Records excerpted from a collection

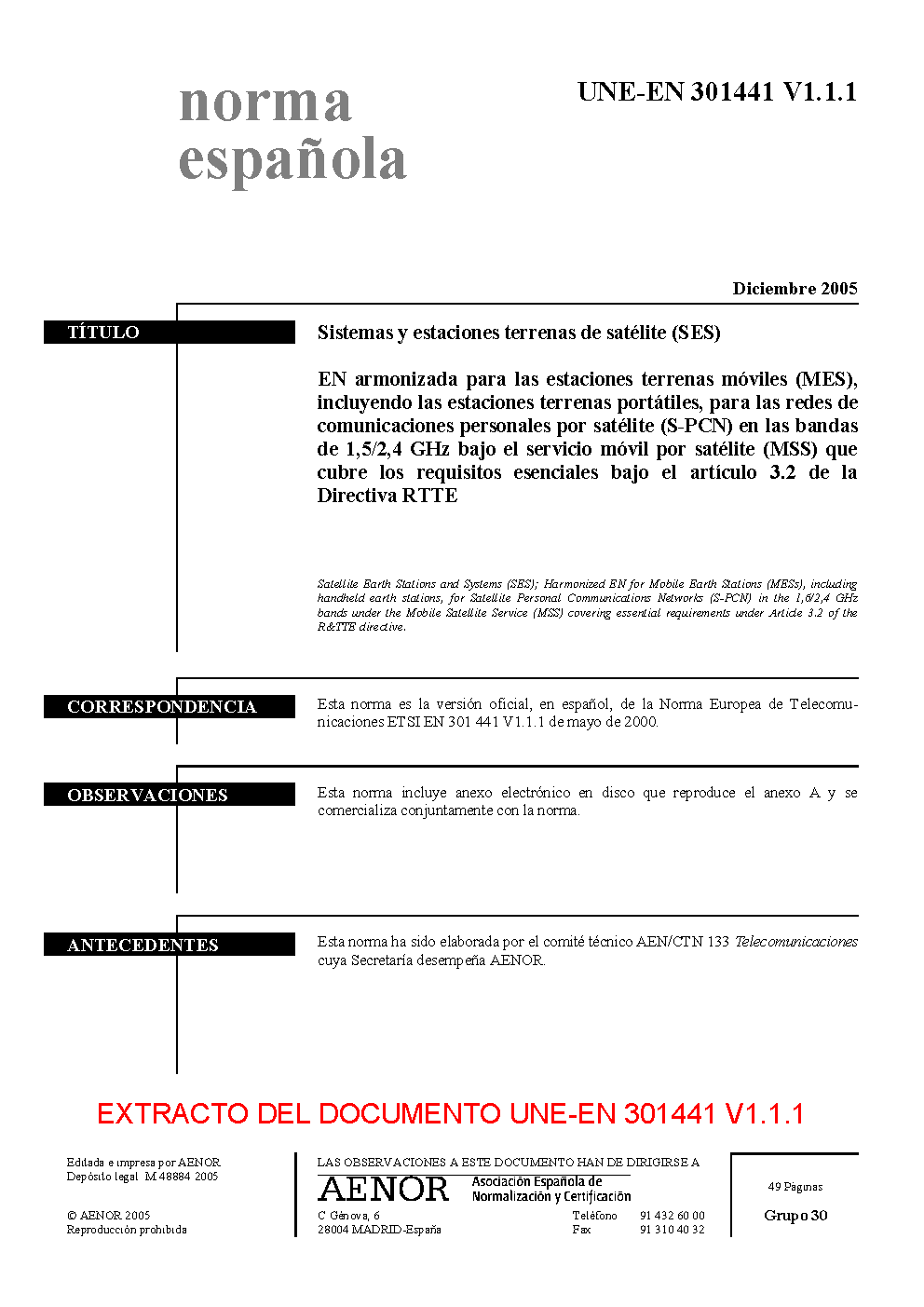 UNE-EN 301441 V1.1.1:2005
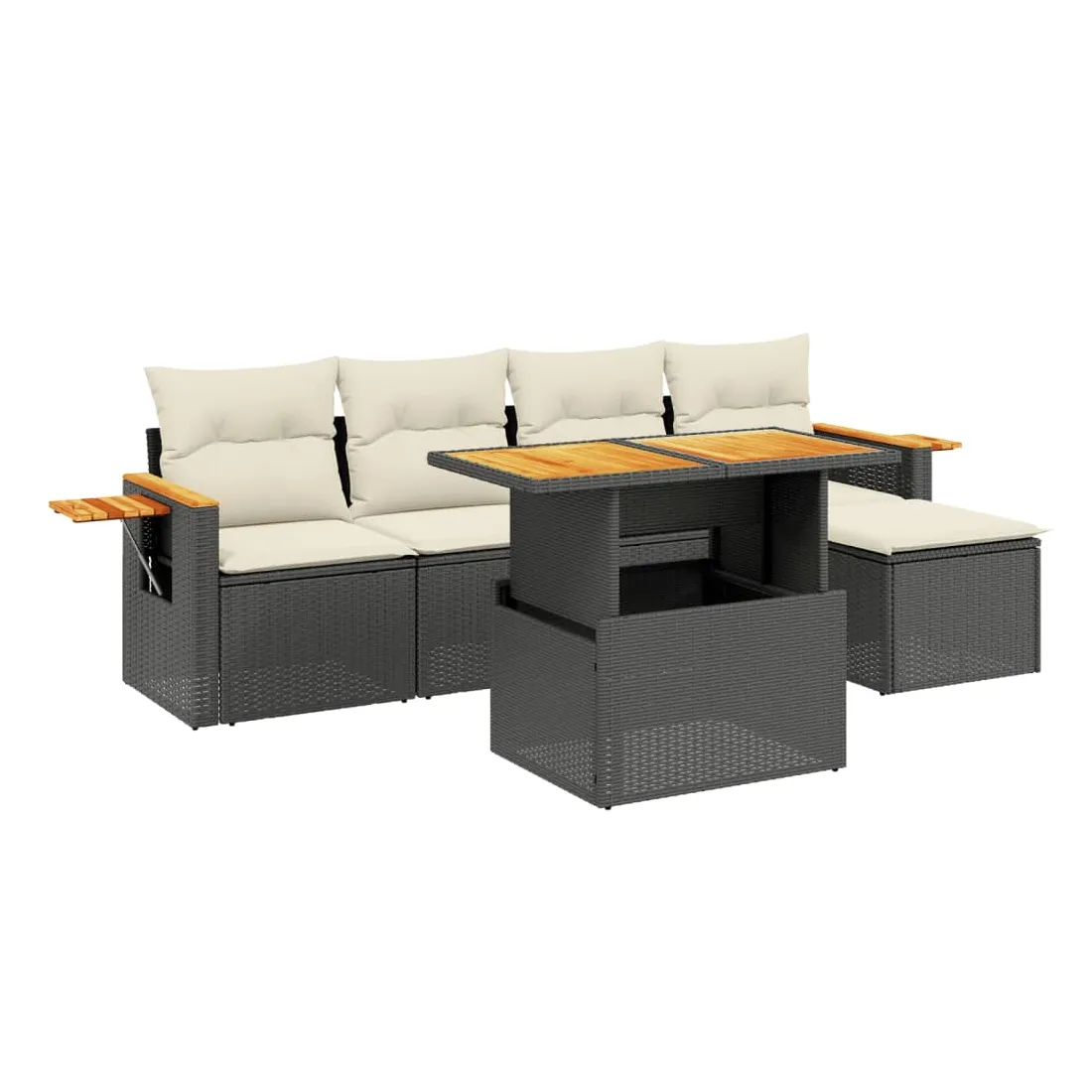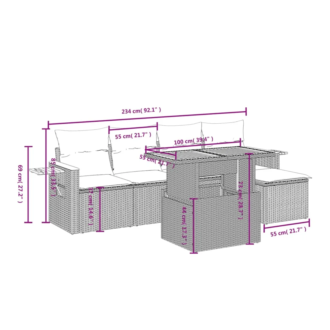Cet ensemble de canapés de jardin est le complément parfait de votre arrière-cour, terrasse ou patio, offrant un espace confortable et accueillant pour discuter avec la famille et les amis ou simplement se détendre et profiter de l'extérieur. Matériau durable : la résine tressée, également connue sous le nom de poly rotin, est un matériau synthétique solide et nécessitant peu d'entretien qui ressemble au rotin naturel. Il est léger, facile à nettoyer et couramment utilisé pour les meubles d'extérieur en raison de sa durabilité et de ses propriétés de résistance aux intempéries.Dessus de table réglable : le dessus de table peut être soulevé pour rendre la table plus haute, ce qui transforme la table d'extérieur d'une table basse à une table de salle à manger. Elle est parfaite pour recevoir des invités ou prendre des repas à l'extérieur.Table d'appoint pratique : ce mobilier d'extérieur comprend une table d'appoint pliable avec un ressort à gaz sur les accoudoirs, offrant un endroit pratique pour garder vos essentiels à portée de main.Housse amovible et lavable : ces coussins de siège sont dotés de housses amovibles pour un lavage et un entretien faciles.Conception modulaire : cet ensemble de meubles d'extérieur a une conception modulaire, ce qui le rend complètement flexible et facile à déplacer, afin que vous puissiez créer un agencement de meubles d'extérieur personnalisé. Bon à savoir :Pour que vos meubles d'extérieur restent beaux, nous vous recommandons de les protéger avec une housse imperméable.
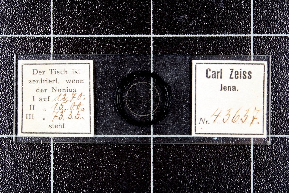 solche Platten sind auch von Zeiss West massenhaft im Umlauf. Ich habe einige davon hier herumliegen. Meines Wissens gehören diese Platten jeweils zu einem ganz individuellen Drehzentriertisch und geben eben an, bei welcher Stellung der Nonien genau der Tisch, zu dem die Platte gehört, zentriert ist. Mit dieser Platte kann man also nichts anfangen, wenn man den dazugehörigen Tisch nicht hat.
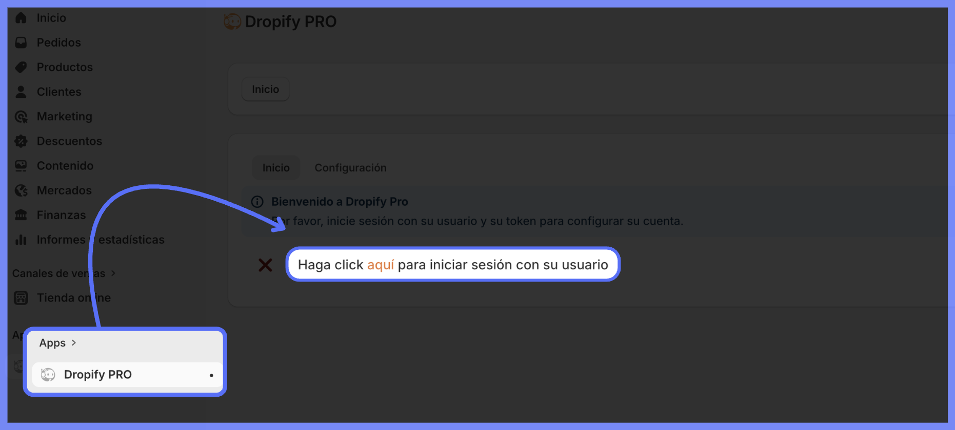 Después de instalar Dropify PRO, en la página que se abre haz clic en "Haga click aquí"
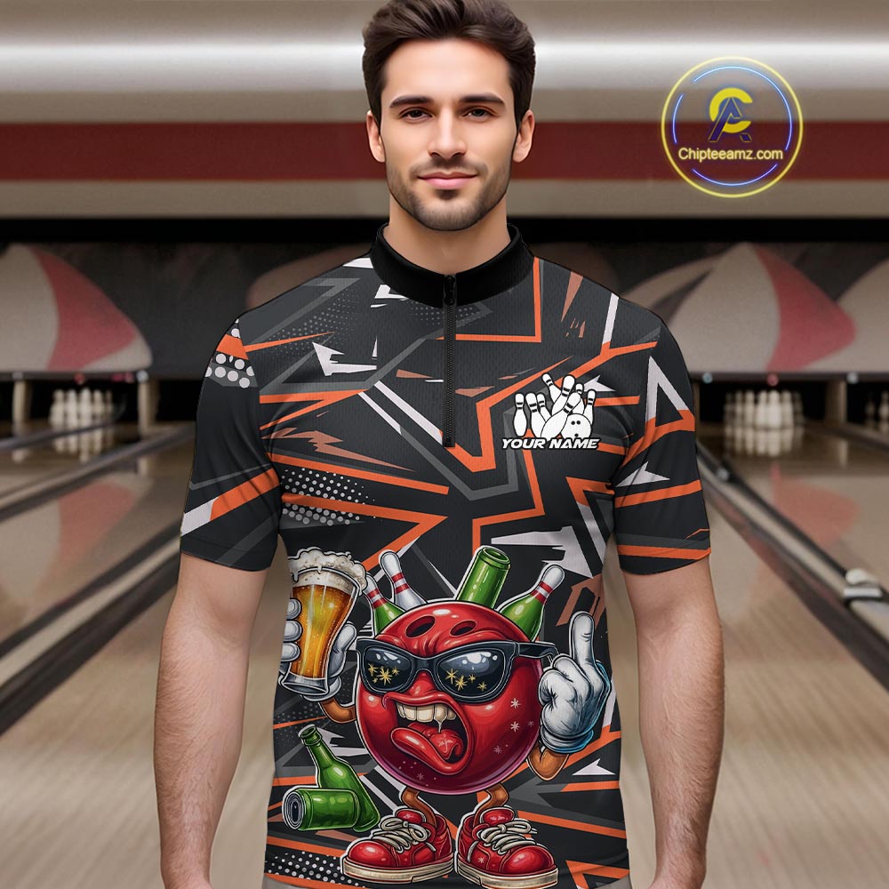 Custom Funny Bowling Ball Drink Beer Bowling Men Quarter-Zip Shirt, Orange Bowling Team Shirt IPHW10121
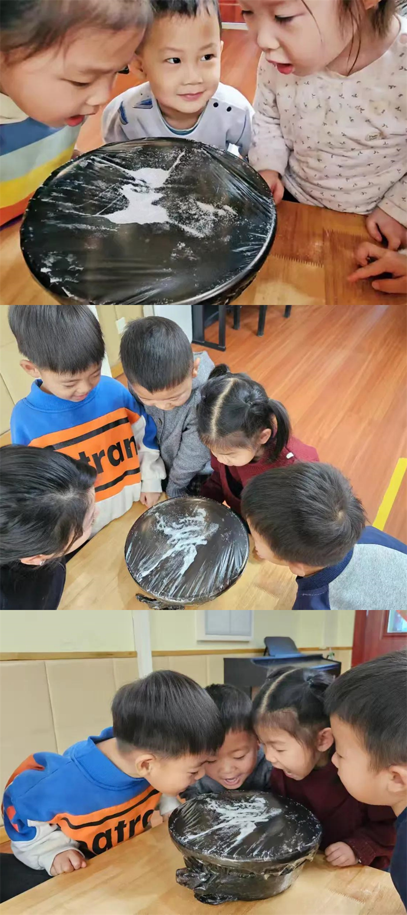 在老师的示范后,孩子们迫不及待地亲自参与实验。他们对着“鼓面”大声说话、唱歌,观察盐粒随着声音大小、高低的变化而改变跳动幅度,脸上满是惊喜与专注。“声音越大,盐宝宝跳得越高!”孩子们在实践中自主发现规律,真切感受到声音的力量与振动的奥秘。活动结束时,孩子们仍意犹未尽,纷纷表示要回家和家长分享这个有趣的实验。
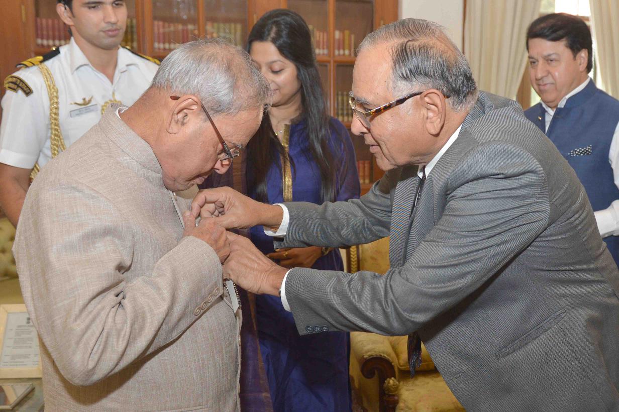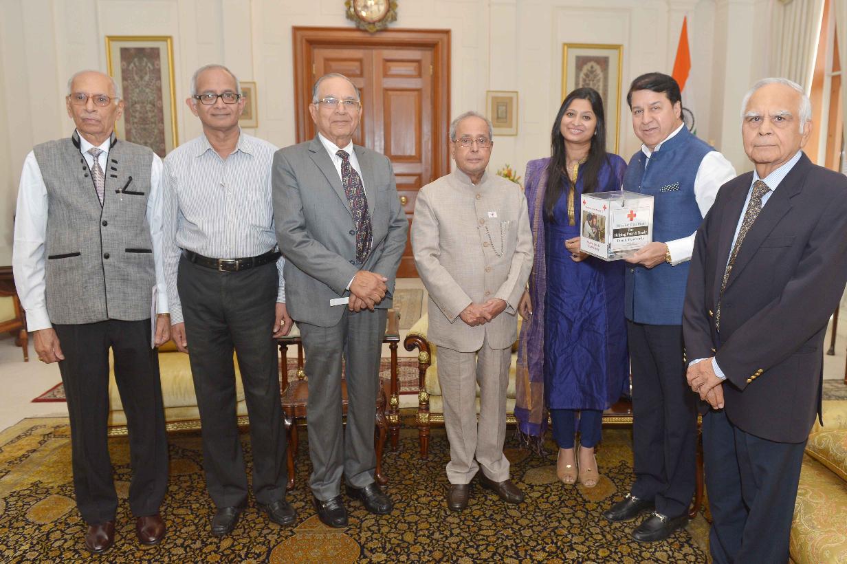 | Caption: | The President of India, Shri Pranab Mukherjee being pinned a Red Cross Flag by Shri Ashok Malik, Secretary with other office bearers of the Indian Red Cross Society, (NCT Branch) Delhi, at Rashtrapati Bhavan on November 01, 2016. |

• _REQUIREMENT_:
Would you output each entry exactly and leave the pictures behind?

• _FINISHED EXERCISE_:
 UNE-EN 301441 V1.1.1:2005
Cet ensemble de canapés de jardin est le complément parfait de votre arrière-cour, terrasse ou patio, offrant un espace confortable et accueillant pour discuter avec la famille et les amis ou simplement se détendre et profiter de l'extérieur. Matériau durable : la résine tressée, également connue sous le nom de poly rotin, est un matériau synthétique solide et nécessitant peu d'entretien qui ressemble au rotin naturel. Il est léger, facile à nettoyer et couramment utilisé pour les meubles d'extérieur en raison de sa durabilité et de ses propriétés de résistance aux intempéries.Dessus de table réglable : le dessus de table peut être soulevé pour rendre la table plus haute, ce qui transforme la table d'extérieur d'une table basse à une table de salle à manger. Elle est parfaite pour recevoir des invités ou prendre des repas à l'extérieur.Table d'appoint pratique : ce mobilier d'extérieur comprend une table d'appoint pliable avec un ressort à gaz sur les accoudoirs, offrant un endroit pratique pour garder vos essentiels à portée de main.Housse amovible et lavable : ces coussins de siège sont dotés de housses amovibles pour un lavage et un entretien faciles.Conception modulaire : cet ensemble de meubles d'extérieur a une conception modulaire, ce qui le rend complètement flexible et facile à déplacer, afin que vous puissiez créer un agencement de meubles d'extérieur personnalisé. Bon à savoir :Pour que vos meubles d'extérieur restent beaux, nous vous recommandons de les protéger avec une housse imperméable.
 solche Platten sind auch von Zeiss West massenhaft im Umlauf. Ich habe einige davon hier herumliegen. Meines Wissens gehören diese Platten jeweils zu einem ganz individuellen Drehzentriertisch und geben eben an, bei welcher Stellung der Nonien genau der Tisch, zu dem die Platte gehört, zentriert ist. Mit dieser Platte kann man also nichts anfangen, wenn man den dazugehörigen Tisch nicht hat.
 Después de instalar Dropify PRO, en la página que se abre haz clic en "Haga click aquí"
 Custom Funny Bowling Ball Drink Beer Bowling Men Quarter-Zip Shirt, Orange Bowling Team Shirt IPHW10121
 在老师的示范后,孩子们迫不及待地亲自参与实验。他们对着“鼓面”大声说话、唱歌,观察盐粒随着声音大小、高低的变化而改变跳动幅度,脸上满是惊喜与专注。“声音越大,盐宝宝跳得越高!”孩子们在实践中自主发现规律,真切感受到声音的力量与振动的奥秘。活动结束时,孩子们仍意犹未尽,纷纷表示要回家和家长分享这个有趣的实验。
 | Caption: | The President of India, Shri Pranab Mukherjee being pinned a Red Cross Flag by Shri Ashok Malik, Secretary with other office bearers of the Indian Red Cross Society, (NCT Branch) Delhi, at Rashtrapati Bhavan on November 01, 2016. |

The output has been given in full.